==== Data for analysis

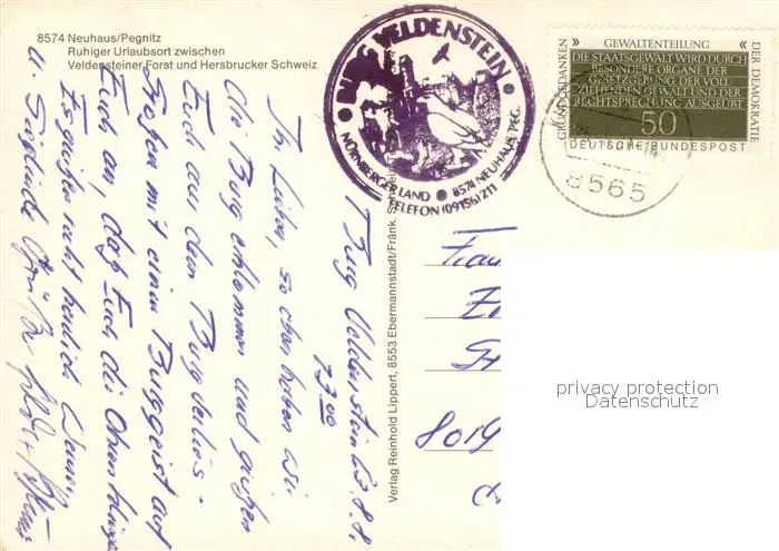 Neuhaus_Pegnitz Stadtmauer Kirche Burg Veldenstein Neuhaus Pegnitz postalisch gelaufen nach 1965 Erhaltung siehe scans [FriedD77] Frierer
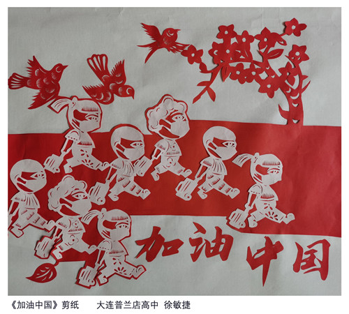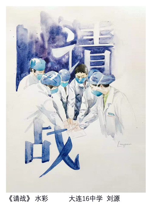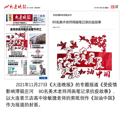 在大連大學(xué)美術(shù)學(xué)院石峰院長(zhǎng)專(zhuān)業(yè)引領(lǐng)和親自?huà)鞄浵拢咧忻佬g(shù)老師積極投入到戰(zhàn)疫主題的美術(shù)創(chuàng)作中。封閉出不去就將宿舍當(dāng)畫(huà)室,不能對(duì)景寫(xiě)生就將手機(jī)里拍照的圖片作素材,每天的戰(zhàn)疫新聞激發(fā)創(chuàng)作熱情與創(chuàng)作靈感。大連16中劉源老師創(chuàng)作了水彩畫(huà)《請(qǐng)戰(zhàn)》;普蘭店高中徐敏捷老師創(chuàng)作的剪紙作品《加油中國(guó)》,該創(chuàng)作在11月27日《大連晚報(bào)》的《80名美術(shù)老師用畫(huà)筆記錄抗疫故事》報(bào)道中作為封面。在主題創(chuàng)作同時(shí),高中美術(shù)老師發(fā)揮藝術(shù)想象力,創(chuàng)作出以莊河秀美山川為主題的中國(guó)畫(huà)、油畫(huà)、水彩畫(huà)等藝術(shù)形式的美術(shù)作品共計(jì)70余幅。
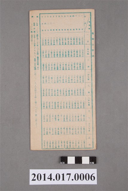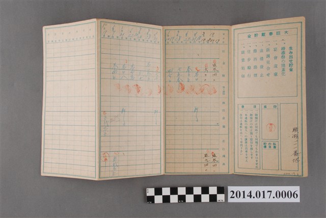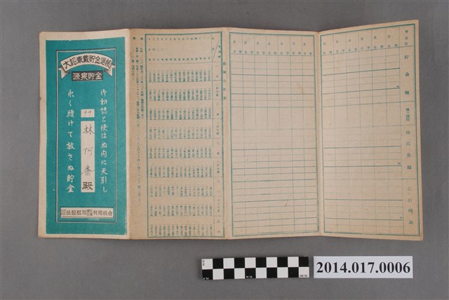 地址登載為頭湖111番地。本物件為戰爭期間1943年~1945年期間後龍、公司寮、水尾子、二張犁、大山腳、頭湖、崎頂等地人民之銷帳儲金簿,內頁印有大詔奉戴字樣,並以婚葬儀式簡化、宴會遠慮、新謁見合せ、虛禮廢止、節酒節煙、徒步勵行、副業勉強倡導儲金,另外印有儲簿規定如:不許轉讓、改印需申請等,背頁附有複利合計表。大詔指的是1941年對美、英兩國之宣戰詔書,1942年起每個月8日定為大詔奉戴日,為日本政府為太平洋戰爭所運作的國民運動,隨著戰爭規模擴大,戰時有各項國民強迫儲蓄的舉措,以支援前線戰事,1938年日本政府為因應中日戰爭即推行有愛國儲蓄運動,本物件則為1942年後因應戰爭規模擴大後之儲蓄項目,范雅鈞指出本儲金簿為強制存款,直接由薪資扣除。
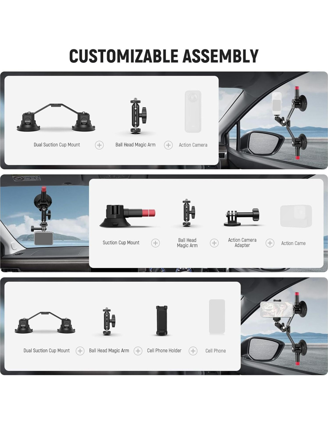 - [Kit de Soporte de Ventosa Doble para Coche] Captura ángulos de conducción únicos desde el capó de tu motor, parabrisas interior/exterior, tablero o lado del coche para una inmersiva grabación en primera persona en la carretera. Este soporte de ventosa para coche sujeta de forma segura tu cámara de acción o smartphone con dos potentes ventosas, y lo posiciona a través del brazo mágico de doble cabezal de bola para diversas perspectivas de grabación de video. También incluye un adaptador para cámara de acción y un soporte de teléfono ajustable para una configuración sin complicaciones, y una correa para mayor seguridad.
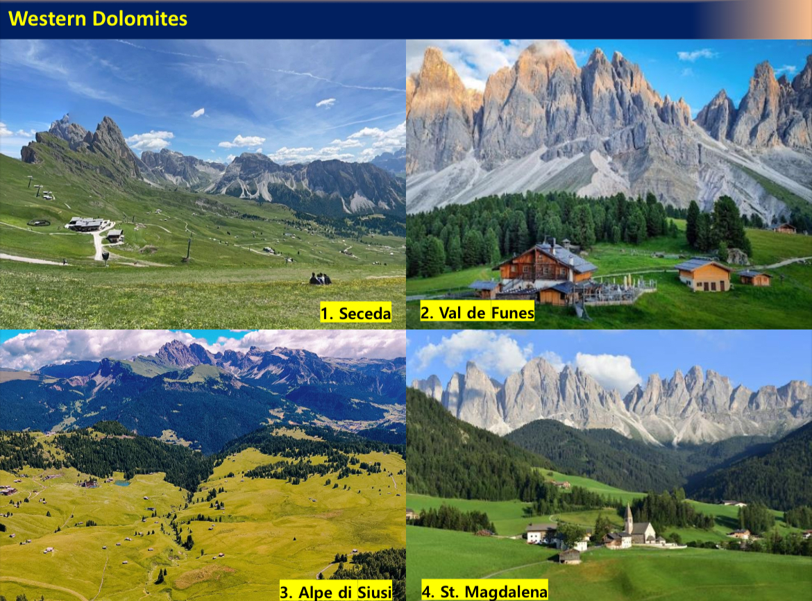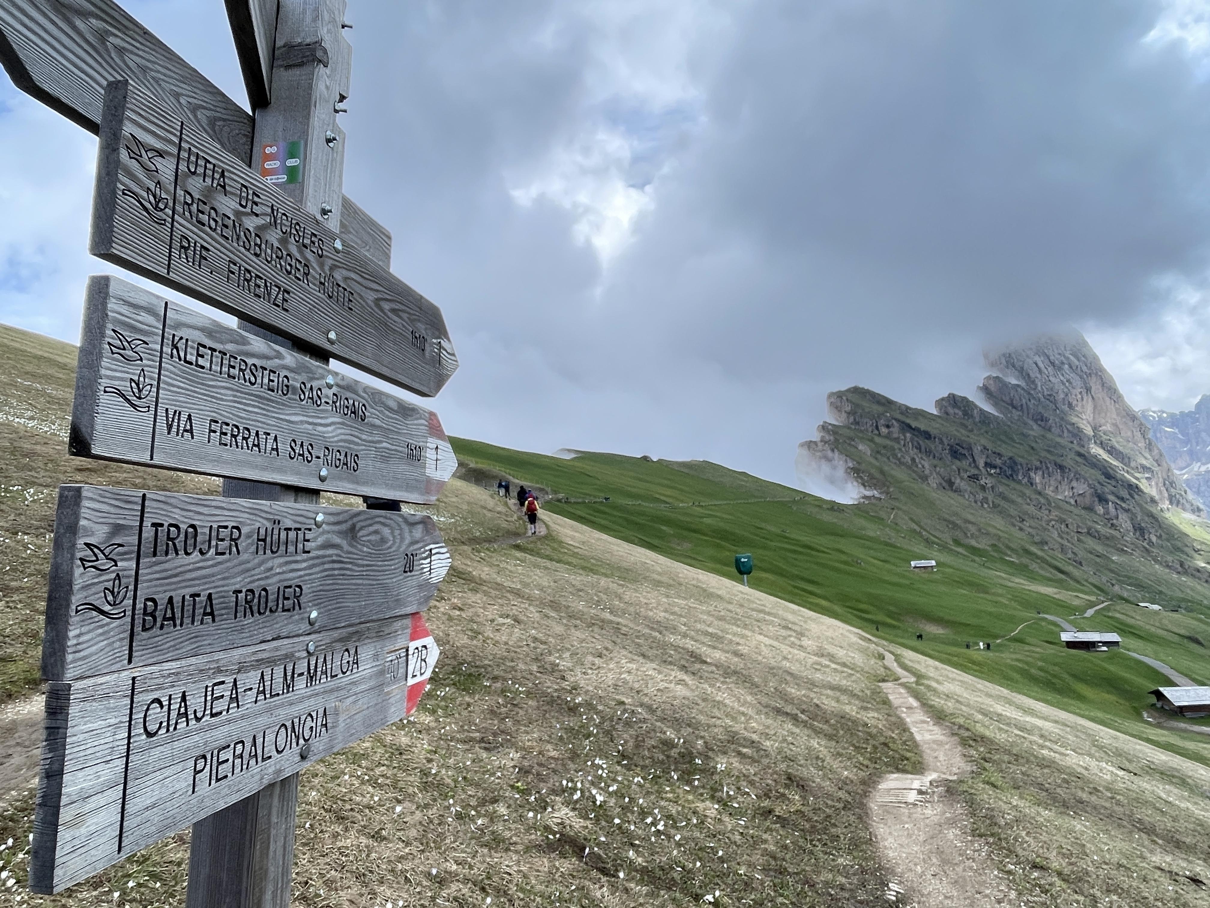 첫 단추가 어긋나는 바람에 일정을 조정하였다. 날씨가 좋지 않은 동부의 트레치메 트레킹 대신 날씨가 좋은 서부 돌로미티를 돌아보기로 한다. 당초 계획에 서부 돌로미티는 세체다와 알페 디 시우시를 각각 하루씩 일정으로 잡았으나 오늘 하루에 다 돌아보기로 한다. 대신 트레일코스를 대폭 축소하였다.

========
==== Data for analysis

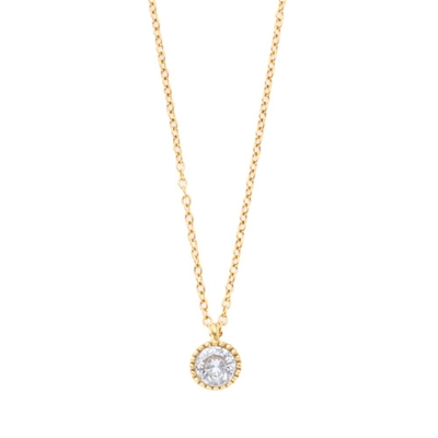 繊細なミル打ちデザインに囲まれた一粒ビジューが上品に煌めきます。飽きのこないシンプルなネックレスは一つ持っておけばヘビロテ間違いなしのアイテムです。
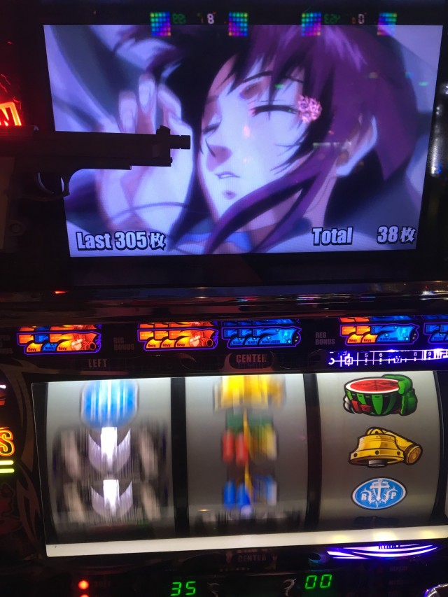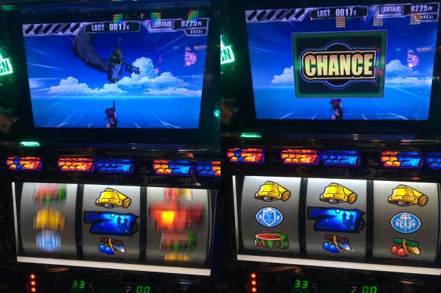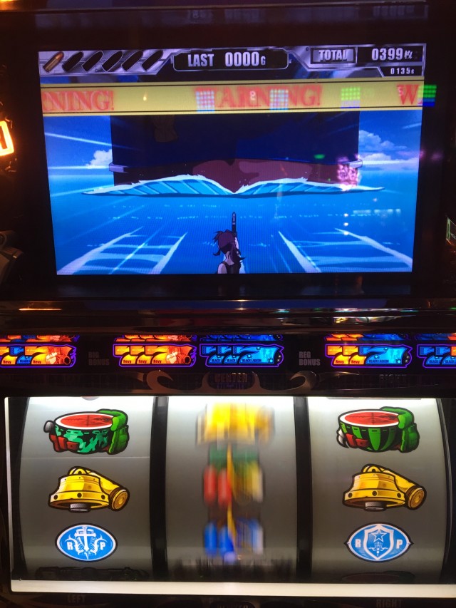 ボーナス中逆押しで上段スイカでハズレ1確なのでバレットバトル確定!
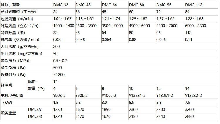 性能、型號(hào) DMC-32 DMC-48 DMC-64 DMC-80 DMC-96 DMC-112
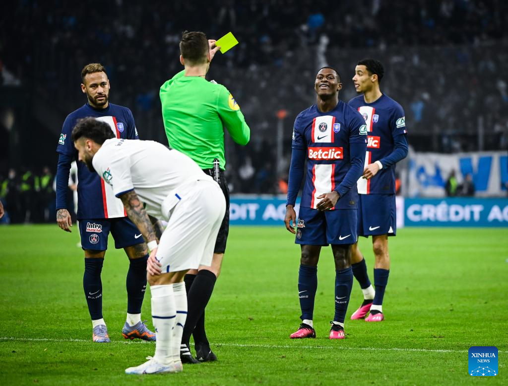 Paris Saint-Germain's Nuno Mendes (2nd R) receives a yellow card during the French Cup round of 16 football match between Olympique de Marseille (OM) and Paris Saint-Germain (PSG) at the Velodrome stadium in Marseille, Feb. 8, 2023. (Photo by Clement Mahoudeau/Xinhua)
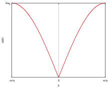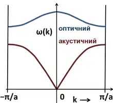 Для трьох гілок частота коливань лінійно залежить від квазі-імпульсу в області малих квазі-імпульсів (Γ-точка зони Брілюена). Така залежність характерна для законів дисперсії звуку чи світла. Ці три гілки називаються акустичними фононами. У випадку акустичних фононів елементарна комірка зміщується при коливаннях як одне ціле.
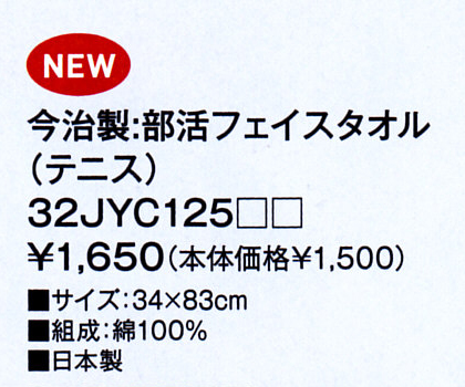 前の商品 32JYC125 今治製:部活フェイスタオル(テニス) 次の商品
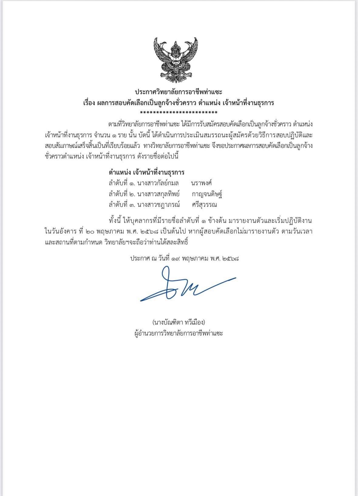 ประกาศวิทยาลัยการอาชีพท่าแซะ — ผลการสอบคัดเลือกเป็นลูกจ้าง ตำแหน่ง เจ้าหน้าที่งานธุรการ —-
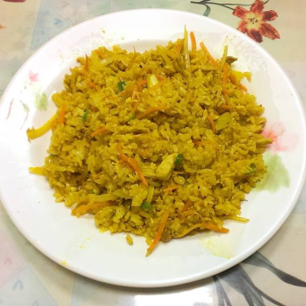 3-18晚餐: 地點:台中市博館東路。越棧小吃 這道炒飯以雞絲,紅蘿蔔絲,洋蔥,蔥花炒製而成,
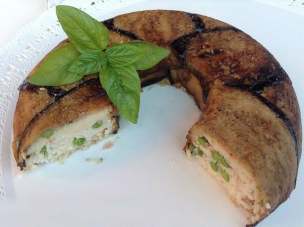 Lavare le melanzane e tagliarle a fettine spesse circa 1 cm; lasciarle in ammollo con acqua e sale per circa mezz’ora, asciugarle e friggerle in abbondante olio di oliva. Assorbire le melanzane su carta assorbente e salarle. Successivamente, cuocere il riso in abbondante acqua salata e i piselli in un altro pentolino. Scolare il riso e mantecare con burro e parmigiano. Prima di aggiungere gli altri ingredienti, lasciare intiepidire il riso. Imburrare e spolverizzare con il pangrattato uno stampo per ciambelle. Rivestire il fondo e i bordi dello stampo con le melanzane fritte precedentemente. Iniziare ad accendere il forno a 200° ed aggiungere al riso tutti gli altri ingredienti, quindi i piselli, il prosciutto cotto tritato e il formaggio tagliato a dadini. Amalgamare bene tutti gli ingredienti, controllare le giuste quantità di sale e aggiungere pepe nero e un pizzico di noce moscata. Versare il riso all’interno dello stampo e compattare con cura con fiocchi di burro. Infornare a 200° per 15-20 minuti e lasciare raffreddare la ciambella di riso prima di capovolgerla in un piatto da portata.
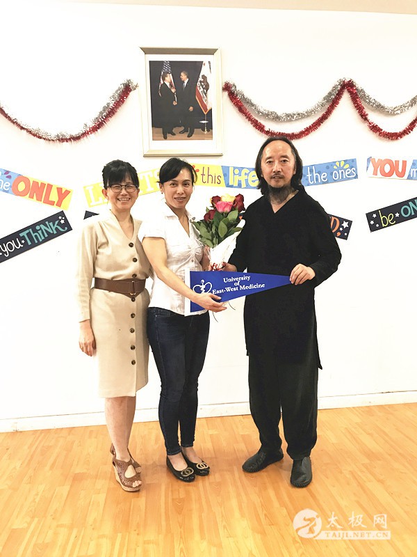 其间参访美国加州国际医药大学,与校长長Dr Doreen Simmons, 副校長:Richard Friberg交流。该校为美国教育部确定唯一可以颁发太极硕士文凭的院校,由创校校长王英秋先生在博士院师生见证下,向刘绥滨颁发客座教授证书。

========

--- Problem requirements ---
Output exactly the lines above, from the line with "Для трьох гілок" to the line with "前の商品 32JYC125 今治製:部活フェイスタオル(テニス) 次の商品", both included; skip the pictures.

--- Solution to the problem ---
 Для трьох гілок частота коливань лінійно залежить від квазі-імпульсу в області малих квазі-імпульсів (Γ-точка зони Брілюена). Така залежність характерна для законів дисперсії звуку чи світла. Ці три гілки називаються акустичними фононами. У випадку акустичних фононів елементарна комірка зміщується при коливаннях як одне ціле.
 前の商品 32JYC125 今治製:部活フェイスタオル(テニス) 次の商品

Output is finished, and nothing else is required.